Sophia is a 23 years old Tanzanian. After finishing her advanced level studies in Loyola secondary school, she worked as a data collector in a faith based organisation known as Catholic Relief Services (helping the most vulnerable children in orphans). After this first experience, she was hired as a field officer in Global Fund “PACT” organisation (also working to improve children’s lives). Before joining EGG-energy, Sophia was working as a research assistant in an organisation called “AMEND”, which is responsible for road traffic and injuries.

 

Herry Nasser, Office Manager and Accounts Assistant:

Herry started to work with EGG-energy at the beginning of February. He is in charge of payroll and manages our company’s relationships with local institutions regarding staff and administrative issues. More specifically, he is responsible for all human resources related issues. He will also assist with company accounting and purchasing. Welcome Herry!

 

About Herry:

Herry, 28 years old, was born in Tanzania and has lived in many Southern African countries. He first went to high school in Zimbabwe and then to college in South Africa. After getting a diploma in sales and marketing and a diploma in Information Technology in Cape Town, South Africa, Herry got his first job in a travel agency in Cape Town as a Sales and Marketing officer.  Then he came back to live in Dar Es Salaam and worked more than 5 years for a Health insurance company, first as a corporate relationship officer and then as an office manager. Just before EGG-energy, Herry spent a few months in England which he enjoyed discovering.

 

When none of us is out in the field, there are now 8 persons in the office. It was time to move to a larger company space, which we are scheduled to do very soon.
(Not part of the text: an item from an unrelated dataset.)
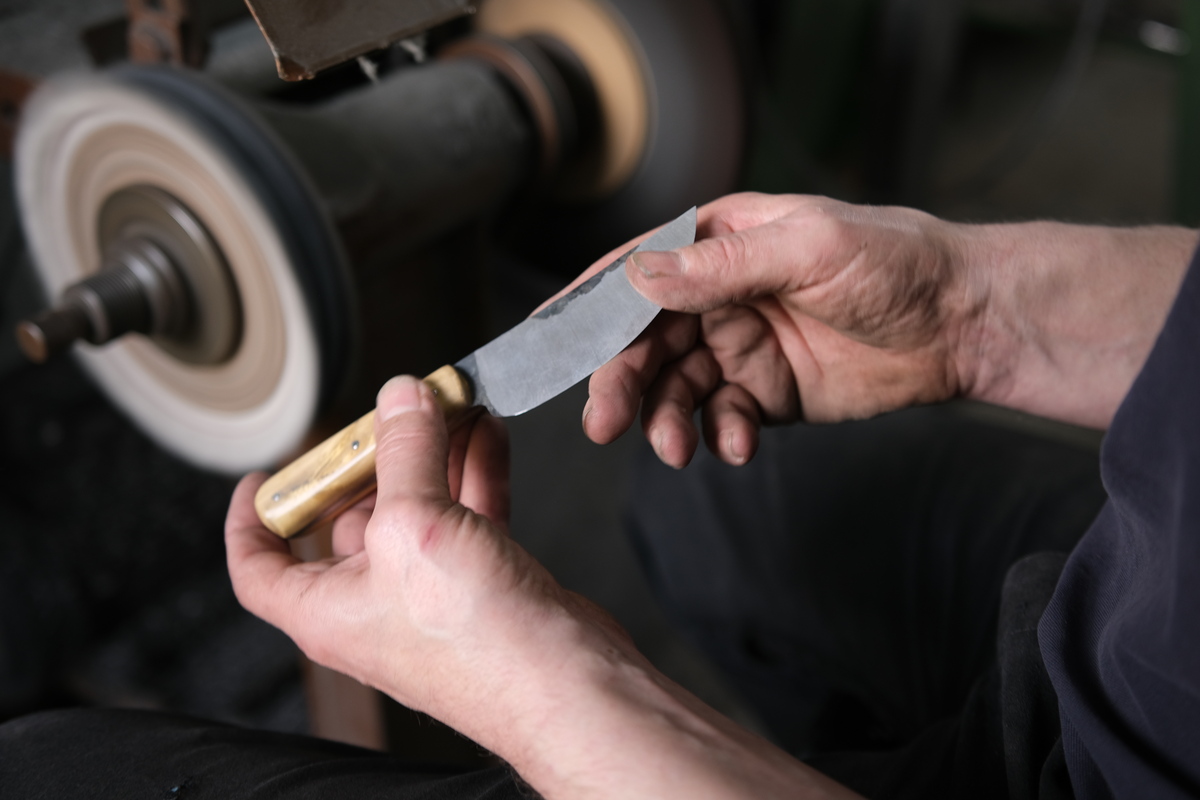 Nous travaillons les finitions initiales de la lame, préparant minutieusement le tranchant pour une efficacité optimale.

EGG-energy head quarter team:

Jamie Yang (CEO), Solomon Faraji (COO), Samson Msami (Subscription Manager), Sophia & Herry, Jodie Wu (Consultant Sales & Marketing), 2 fellows: Anne Raymond and myself.

 

My next post will certainly be written from the new office and we look forward to hosting you there!

 

Till then,

Hugo

EGG-energy’s Iringa Station is Open!

February 9th, 2012 by Anne

The EGG-energy station in Iringa is open for business, so if you want to come in and purchase an installation today, welcome!   From downtown Iringa,  head west to the bus station at Mlandege.  From there, continue along Kalenga Road past a series of corn and rice mills until you see a bright orange EGG-energy “Wakala” (“agent”) sign on your right.  Mr. Said Kibwana, EGG-energy’s franchisee in Iringa, his technician Saleh, and secretary Farida will be happy to explain EGG’s services, prices, and how to get electricity installed in your home.
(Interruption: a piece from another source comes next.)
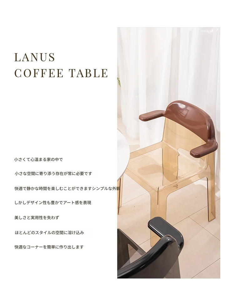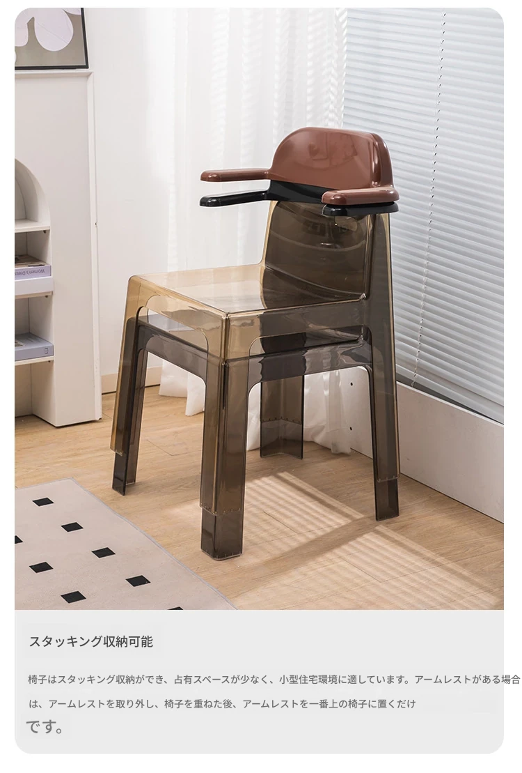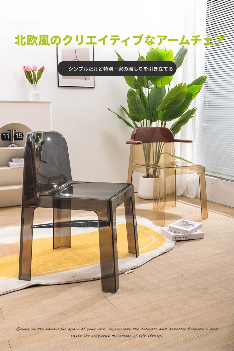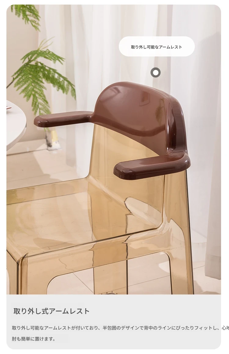 北欧風シンプル透明ダイニングチェア|おしゃれなインスタ映え!リビングや小さなダイニングにもぴったりな肘付き&背もたれ付きの快適なリラックスチェア!

Said Kibwana in front of his franchise's office and charging station

When I traveled to Iringa last November, I enjoyed a peaceful stay at Said Kibwana’s farm in Ingomtwa, a village about 60km outside Iringa town.  He was using his farmhouse as a base for EGG-energy operations at the time, as the franchise was still new and he had not yet rented an office in town.  For the past two months, Mr. Kibwana has been adding customers in villages around Ingomtwa, streamlining his record-keeping and distribution systems, and setting up an office on one of Iringa’s busiest streets.  I returned to Iringa at the end of January for an 10-day visit.  Though I was not able to watch the sunset over newly plowed corn fields or see my breath in the cold morning air as I could at the farm, I was able to help Kibwana ready the new station and prepare to expand the franchise.

The EGG station and its neighbors

The Iringa franchise currently has 19 customers.  Each customer has at least one battery for lights, and six have an additional battery to power a mobile phone charging business.  Due to our initial focus in and around Ingomtwa, all current customers are located in villages at least 20km from the charging station in Iringa.  To bring EGG’s service to these rural areas, Kibwana has developed an innovative distribution network.  He charges the batteries at the grid-connected station in Iringa, then uses buses, motorcycles, bicycles and people on foot to deliver the batteries to distributors in several different villages.  Customers can then swap their battery at the local distributor. This distribution network demonstrates one of the benefits of working with a local franchisee, as use of public transport to lower distribution costs requires Kibwana’s in-depth knowledge of the area and close relationships with local people.

Street view east from station along Kalenga Rd.

Over the next month, we plan to strengthen EGG-energy’s presence in Iringa town, and to acquire customers who live in the semi-urban area close to the new station.  Although grid electricity is available in the town, many residents cannot afford it.  Given the relatively high population density we hope to build a base of EGG customers within easy walking or bicycling distance of the new station.  These customers will help increase the size and reputation of the Kibwana’s EGG-energy franchise in Iringa without adding strain to the rural distribution network.

Hugo Niccolai and I will continue to report on Iringa as the station grows.

View of Iringa from the hills above town

 

 

 

 

 

 

 

 

 

New fellow in Tanzania: Hugo Niccolaï and his EnR’Sud project

January 30th, 2012 by Hugo

My name is Hugo Niccolaï. I am a French chemical engineer specialized in the design and implementation of renewable energy technologies. I joined the EGG-energy team in Tanzania on January 7th after having worked with social enterprises in Laos, Indonesia and Bangladesh. In this first post, I would like to share with you my previous experiences related to improving access to power for the world’s BoP, and explain why I decided to work for EGG-energy.

 

My work for EGG-energy is part of a 2 year project, EnR’Sud (http://enrsud.posterous.com/), which I designed for a year before setting off to work for 5 different social organizations specialized in Decentralized Rural Electrification (DRE) in South-East Asia, Africa and South America. EnR’Sud stands for Energies Renouvelables’ Sud, which is French for Renewable Energy – South. Its sponsors include French companies active in the energy sector such as Schneider Electric and électricité de France (EDF), a group of engineering schools named l’Institut National Polytechnique de Toulouse as well as other institutions and private companies (http://enrsud.posterous.com/pages/les-partenaires).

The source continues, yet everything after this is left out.